The Mummy Me, Myself and The Mummy

Text: Cameron Williams

“What about me?” Tom Cruise’s character Nick Morton wisecracks as he stands dangerously near an undead ancient Egyptian princess called Ahmanet (Sofia Boutella) who is unleashing hell on modern London in The Mummy. But there’s never any danger in this film that Cruise will miss out on attention.

The reason Ahmanet is free is, of course, Morton’s fault. He releases the sorceress from her crypt, an Egyptian equivalent of Alcatraz, in the hope there will be loot to sell on the black market. Morton pays for his mistake – which is nothing compared to the civilian death count ­– with a curse that has him pursued by Ahmanet, “the mummy”, who wants to use his body to resurrect a demonic force in human form.

Effectively, The Mummy takes a powerful female sorceress and reduces her to obsessing over Tom Cruise like she has a crush. For all the monstrous spectacle, it’s a film centered on the selfish Morton, not so much a character, but a riff on Cruise’s allure as a movie star which feels deeply out of step in 2017 – this film approaches Cruise like it’s 1996.

He works through a series of bland action sequences orchestrated by director, Alex Kurtzman, shaking off Sofia Boutella’s Ahmanet like he’s ignoring advances in a romantic comedy. At times it feels like How to Lose a Mummy in 10 Days. Morton even tells her: “it’s not you, it’s me!” Oddly, the villain, with all her evil actions, becomes the most sympathetic character compared to the egomania going on around her.

Director Alex Kurtzman never lets The Mummy settle into a groove and it’s constantly suffering from an identity crisis. It swerves wildly between explosive action, monster movie beats, cheap jump scares and large-scale destruction seen in any number of blockbusters; poor London. As the Mummy and her army of the undead limp through the fog of a graveyard like leftovers from a Michael Jackson video, it becomes clear how confused Kurtzman is with the iconography; he has every other monster movie element on his mind but the one that wears bandages.

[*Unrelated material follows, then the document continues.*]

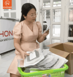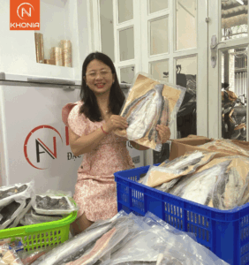 KHONIA gửi khô cá 3 nắng cho chị Hồng đi nước ngoài ăn tết.

A still of Sofia Boutella as Ahmanet.

Sofia Boutella plays Ahmanet. Image credit: Universal Pictures

Even the lead has to encompass everything: Cruise’s Nick Morton is the hero, but also a thief (with a heart of gold) and a scoundrel. And The Mummy is obsessed with Cruise to the point where the whole film revolves around him regardless of the character’s flaws. A bit of the old fashioned Cruise charisma seems to be the answer to smoothing out the film’s edges but it’s a performance so lacklustre it only makes the flaws stick out more. There’s even a nude scene with Cruise that’s shot with the mentality that teenagers are still hanging posters of him in their bedrooms. It’s odd seeing Cruise trying to still box himself in this way when he has proved on multiple occasions there’s an actor in there, somewhere, underneath the hair, teeth and all the damn running.

Further entangling The Mummy is how it positions itself as the beginning of Universal’s ‘dark universe’, part of a group of shared films (like the Marvel movies) that revive classic movie monsters and, presumably, have them all living in a share house situation. Weaving them together is Russell Crowe’s Dr. Henry Jekyll, who runs a secret organisation, Prodigium, which has a Latin meaning – and you bet they explain what it means in a longwinded scene.

This seems to be the lone purpose of Prodigium: to explain the plot of the film and excuse all the future films that will come. Universal has a rich history with its monster movies, beginning in 1923 with The Hunchback of Notre Dame and followed in successive decades by Dracula, Frankenstein, The Mummy (1932), The Invisible Man, Bride of Frankenstein, The Wolf Man and Creature from the Black Lagoon. As the blockbuster landscape now skews toward manufacturing a series of films that occupy a ‘shared universe’, every studio is scrambling to have their own, and Universal have dusted off their monsters and handed them an energy drink.

But why is The Mummy (2017 version) the first out of the sarcophagus? Universal last had a hit with The Mummy in 1999 (box office: $415 million worldwide) starring Brendan Fraser and Rachel Weisz. The 1999 film worked as an enjoyable and witty adventure film throwback reminiscent of Raiders of the Lost Ark. The Mummy (‘99) spawned its own sequels, of course, but they faded in charm and energy. If only Kurtzman paid attention to content and style of the original rather than its box office haul.

Still, Universal is betting big on this new and monstrous ‘dark universe’ and has already hired actors to play the Invisible Man (Johnny Depp) and Frankenstein (Javier Bardem). Unfortunately, The Mummy signals an awful mistake: promising a grand franchise without ensuring the first steps into a new filmic world are sturdy. Building a whole ‘dark universe’ of entertainment on The Mummy is like building a house near a sinkhole.